Each line of the material must be reproduced exactly; pictures stay out.

◆ **DATA SEGMENT**
###
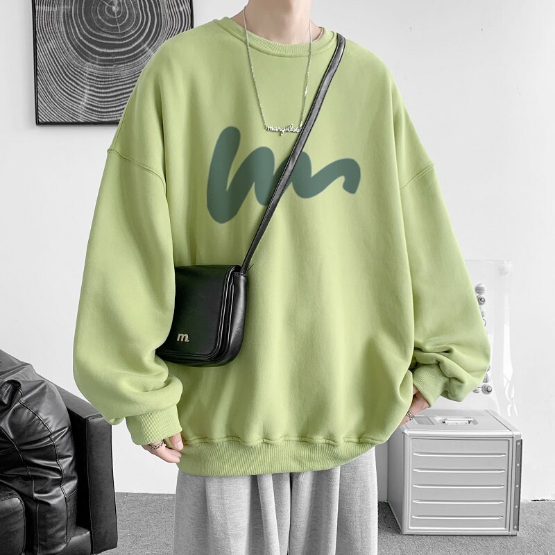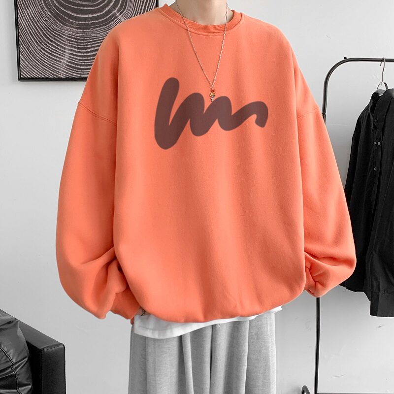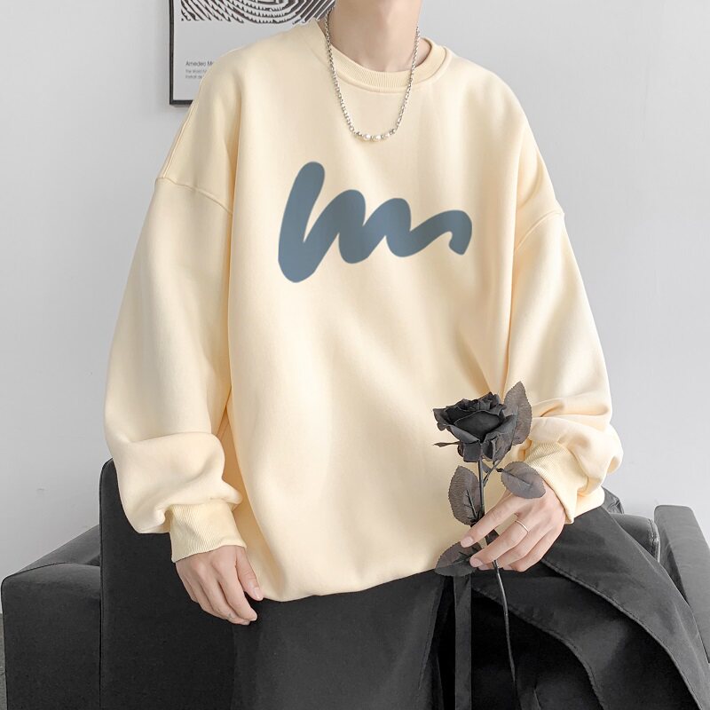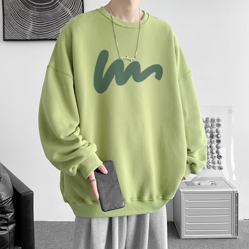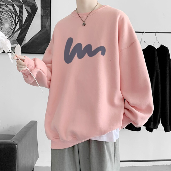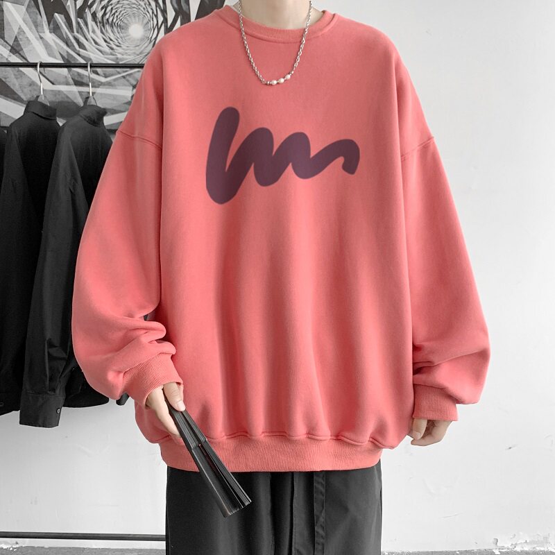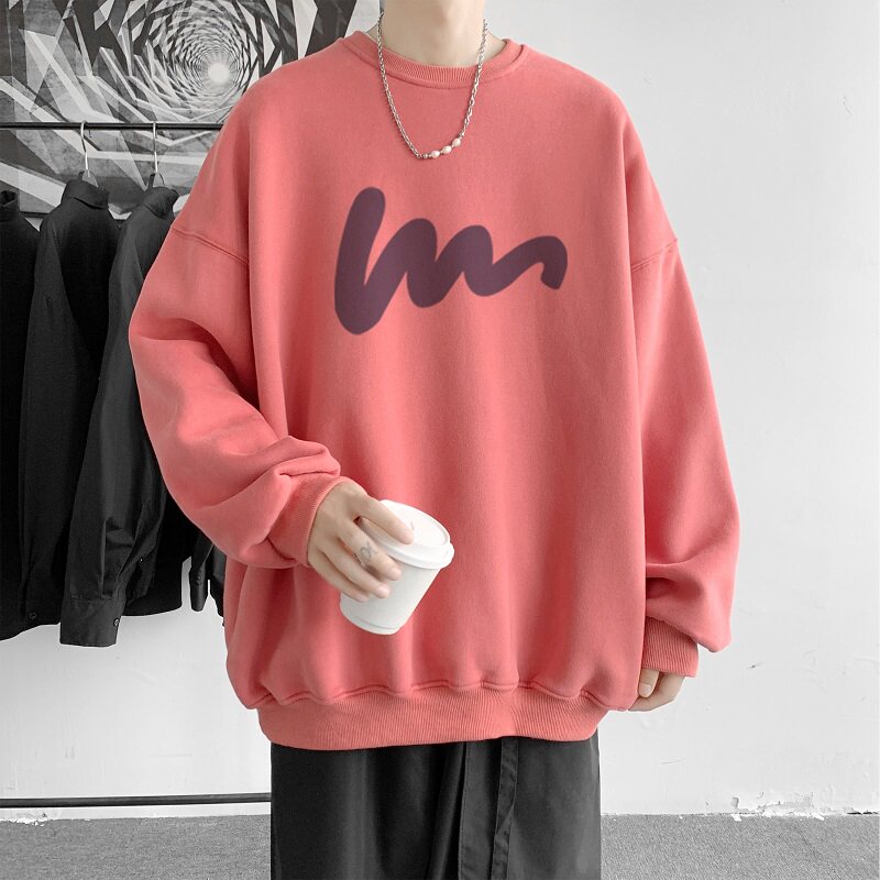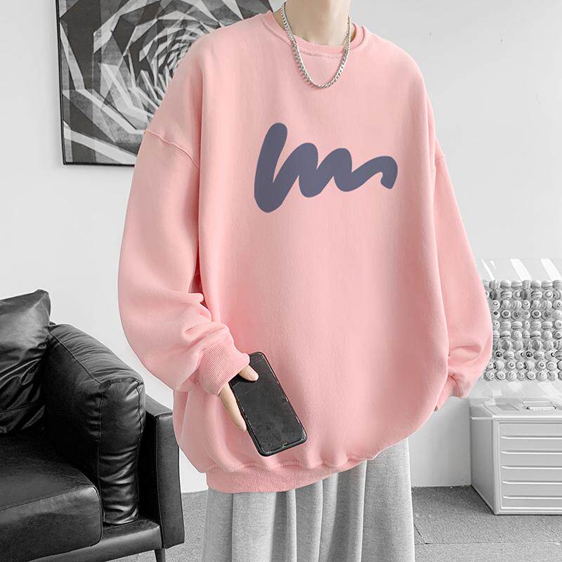 600G重磅粉色印花圓領衛衣男春季加絨長袖T恤落肩打底衫外套潮流
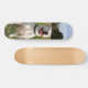 La patineta presenta un diseño específico, el cual representa la imagen de un pitbull blanco. En este diseño, el pitbull está representado en una posición sentada, y en el fondo un entorno de campo. La patineta, por lo tanto, incorpora un elemento visual distintivo al mostrar la imagen de un pitbull blanco en una pose relajada en un entorno natural. Este diseño brinda un toque único y personalizado a la patineta, fusionando el mundo del skateboard con la estética y la temática relacionada con el pitbull y la vida en el campo.
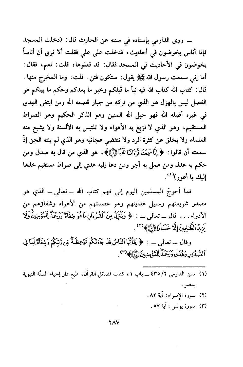 (¬1) سنن الدارمي 2/ 435 - باب 1، كتاب فضائل القرآن، طبع دار إحياء السنَّة النبوية بمصر.
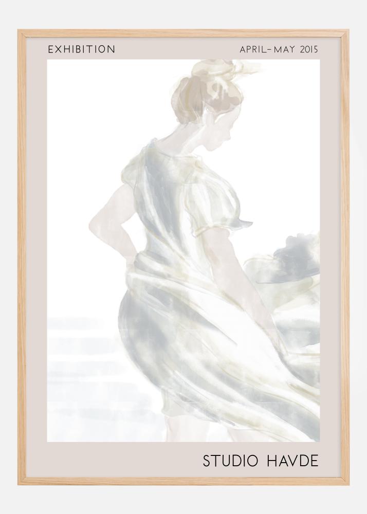 Tento elegantný a vzdušný plagát z výstavy Studio Havde v apríli-máji 2015 zachytáva esenciu ľahkosti a pohybu. Ilustrácia zobrazuje ženskú postavu, namaľovanú jemnými, akvarelovými ťahmi štetca, ktorá sa zdá pohybovať sa pôvabne po plátne. Farby sú tlmené a harmonické, s odtieňmi bledomodrej, krémovej a náznakmi zlata, ktoré spolu vytvárajú pocit nadčasovej krásy a elegancie.
###
◆ **SOLUTION FOR THIS PROBLEM**
 600G重磅粉色印花圓領衛衣男春季加絨長袖T恤落肩打底衫外套潮流
 La patineta presenta un diseño específico, el cual representa la imagen de un pitbull blanco. En este diseño, el pitbull está representado en una posición sentada, y en el fondo un entorno de campo. La patineta, por lo tanto, incorpora un elemento visual distintivo al mostrar la imagen de un pitbull blanco en una pose relajada en un entorno natural. Este diseño brinda un toque único y personalizado a la patineta, fusionando el mundo del skateboard con la estética y la temática relacionada con el pitbull y la vida en el campo.
 (¬1) سنن الدارمي 2/ 435 - باب 1، كتاب فضائل القرآن، طبع دار إحياء السنَّة النبوية بمصر.
 Tento elegantný a vzdušný plagát z výstavy Studio Havde v apríli-máji 2015 zachytáva esenciu ľahkosti a pohybu. Ilustrácia zobrazuje ženskú postavu, namaľovanú jemnými, akvarelovými ťahmi štetca, ktorá sa zdá pohybovať sa pôvabne po plátne. Farby sú tlmené a harmonické, s odtieňmi bledomodrej, krémovej a náznakmi zlata, ktoré spolu vytvárajú pocit nadčasovej krásy a elegancie.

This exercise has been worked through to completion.